My recommendation is choice 3.

To be honest though, there's plenty of nice internet direct speaker brands in every price range that you can get quality bang-for-buck regardless. Look into brands like Ascend, EMP Tek, Aperion, SVS, Seaton, JTR, and Salk for instance. I really doubt you could go wrong with any of them!


----------



## taoggniklat (Mar 30, 2010)

GranteedEV said:


> The heart of a speaker is the crossover. If you're interested in building your own, you need the crossover to be correct, or you will have a poor speaker. At the very least, you need to have confidence in your soldering ability - don't expect to
> 
> 
> You have three choices
> ...


+1000234092382309

So many will generalize that DIY will give you the best sound for your $...and while for the most part that CAN be true...if you don't know what you are doing it will be worse.

DIY is fun. You can make it however you wish. But to come out ahead, it really really helps to have the right equipment to craft the speaker, the right test equipment, and right research.

Granteed's list of commercial brands is spot on.
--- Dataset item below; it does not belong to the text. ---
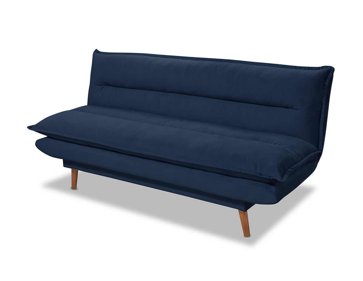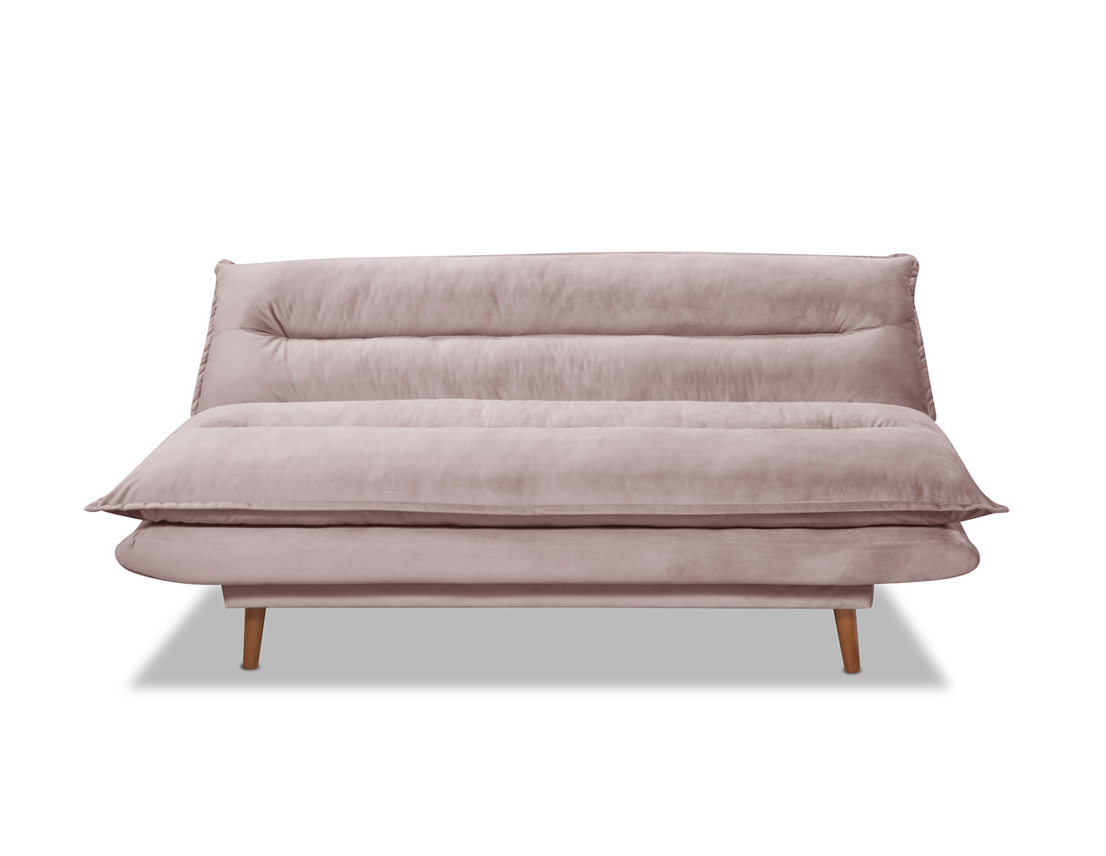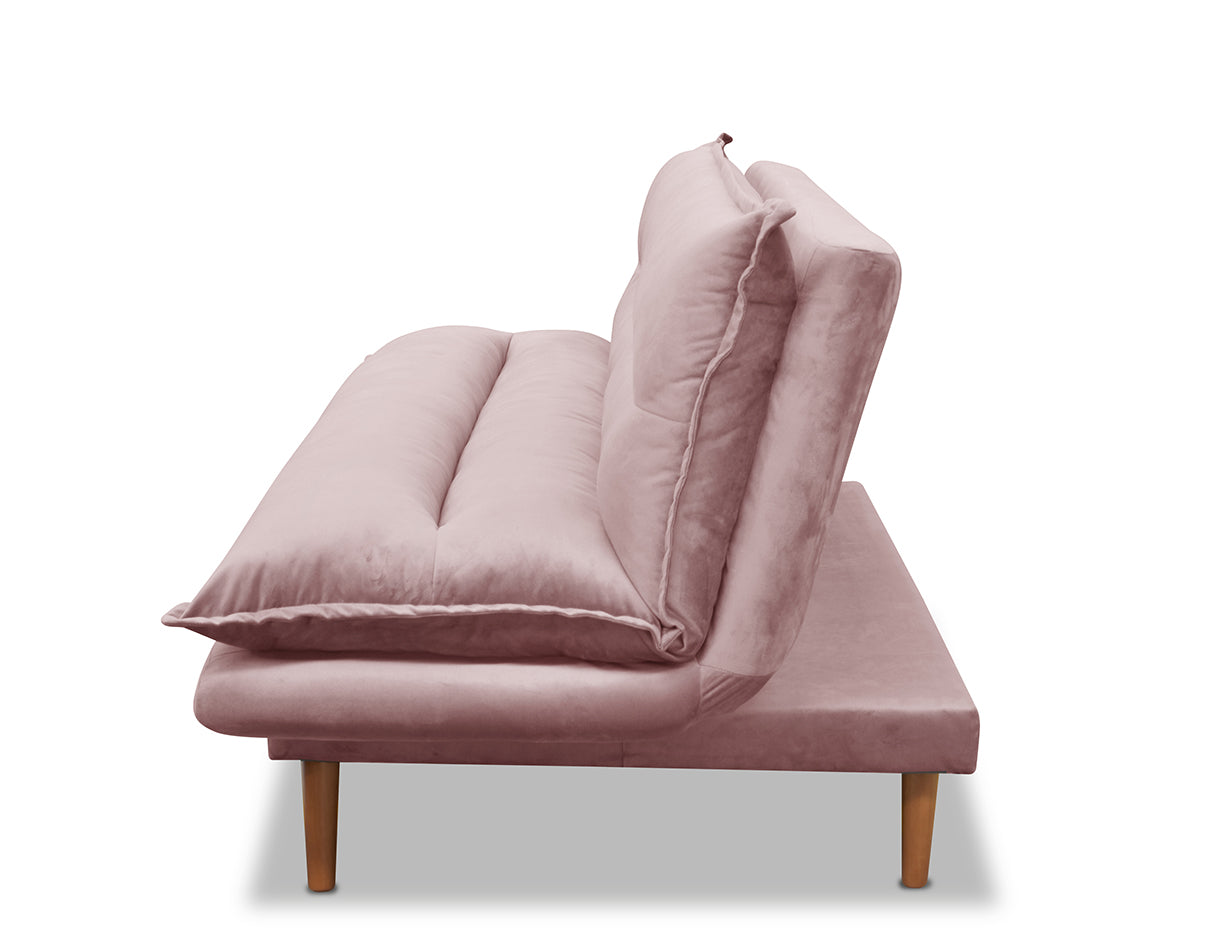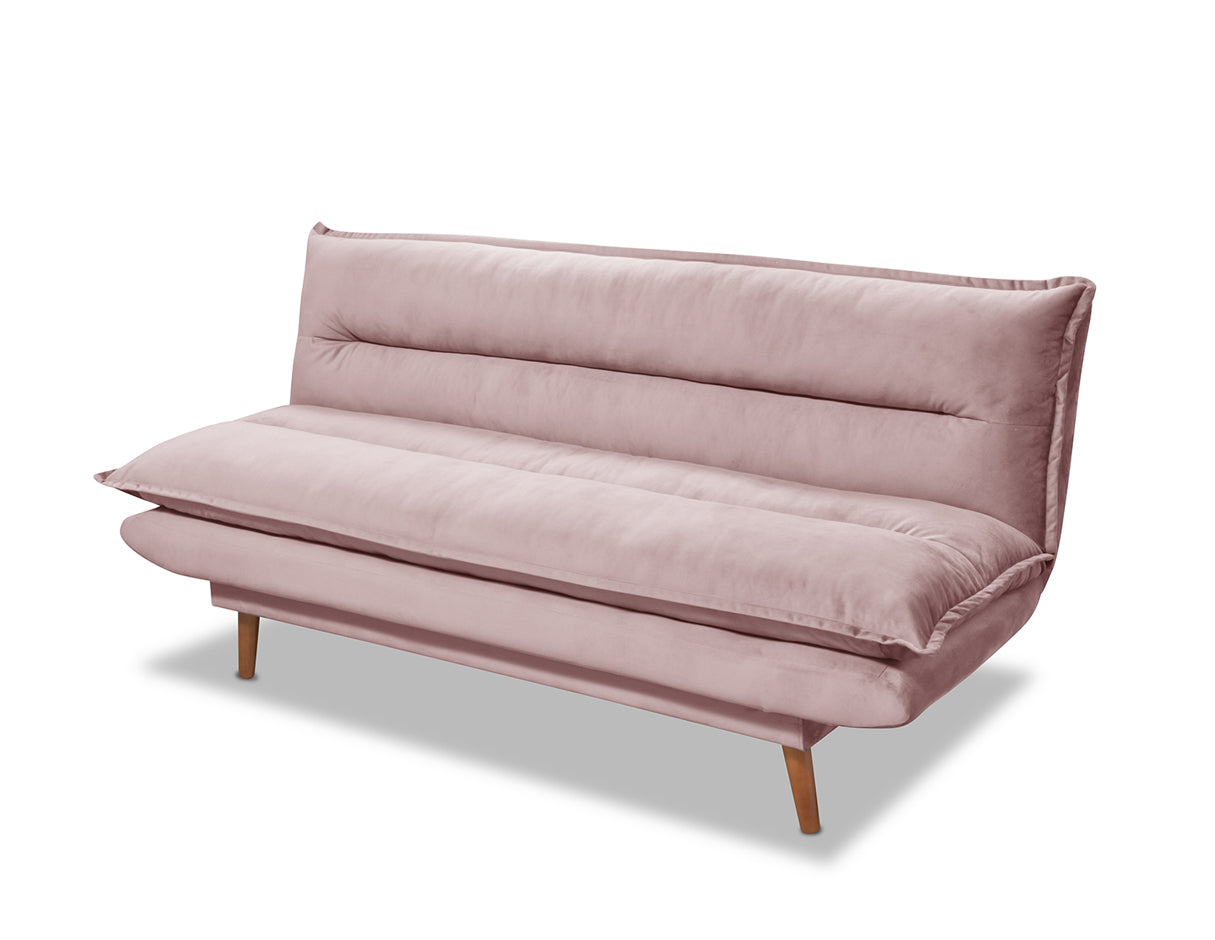 El Sofá Cama Scaletti sin brazos es un modelo estilo mid century en tela de terciopelo suave con patas de madera en forma cónica y en acabado nogal. Diseñado y fabricado por artesanos y productores mexicanos, con acojinamiento de alta densidad y fibra en colchoneta. Está hecha con una estructura de madera de pino (con certificación forestal internacional llamada "Sello Verde").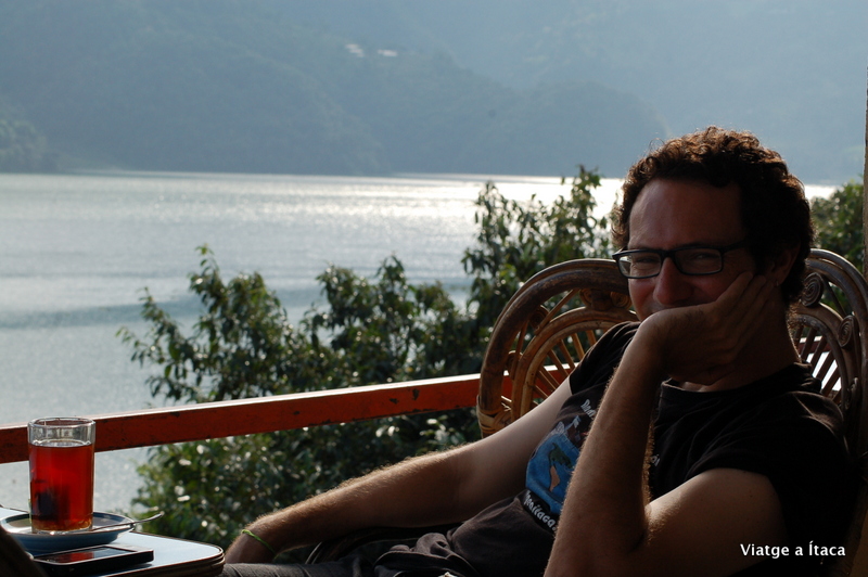El rellotge no el mirem, però si el sol com anuncia retirada. Així que nosaltres deixarem les nostres costums de vida Barcelonines, i cap a les cinc, preveient la foscor que hi haurà en una hora, estem tornant, i descobrim un camí a la vora del llac Phewa, on hi ha un hotel amb unes cabanes de fusta i palmera quasi a peu d’aigua, que tenen una pinta espectacular. No preguntem preu, i estem molt bé on dormim, però serien una bona opció per a una propera ocasió.

There are numerous commercial brands out there, and it all depends on what your preferences and budget are.


----------



## Springfieldohio (Oct 6, 2010)

i was looking at these as my mains
http://www.parts-express.com/pe/showdetl.cfm?Partnumber=303-420

this as my center
http://www.parts-express.com/pe/showdetl.cfm?Partnumber=303-412

these as my surrounds
http://www.parts-express.com/pe/showdetl.cfm?Partnumber=303-402

and this as my sub
http://www.parts-express.com/pe/showdetl.cfm?Partnumber=295-475

and this for my amp
http://www.parts-express.com/pe/showdetl.cfm?Partnumber=300-750

and this as my receiver 
http://www.parts-express.com/pe/showdetl.cfm?Partnumber=250-504

how does that look? it puts me at 900 before tax and price of the sub woofer enclosure


----------



## GranteedEV (Aug 8, 2010)

Well I mean I've never heard all that much about BIC speakers. Can't tell you a think about those. 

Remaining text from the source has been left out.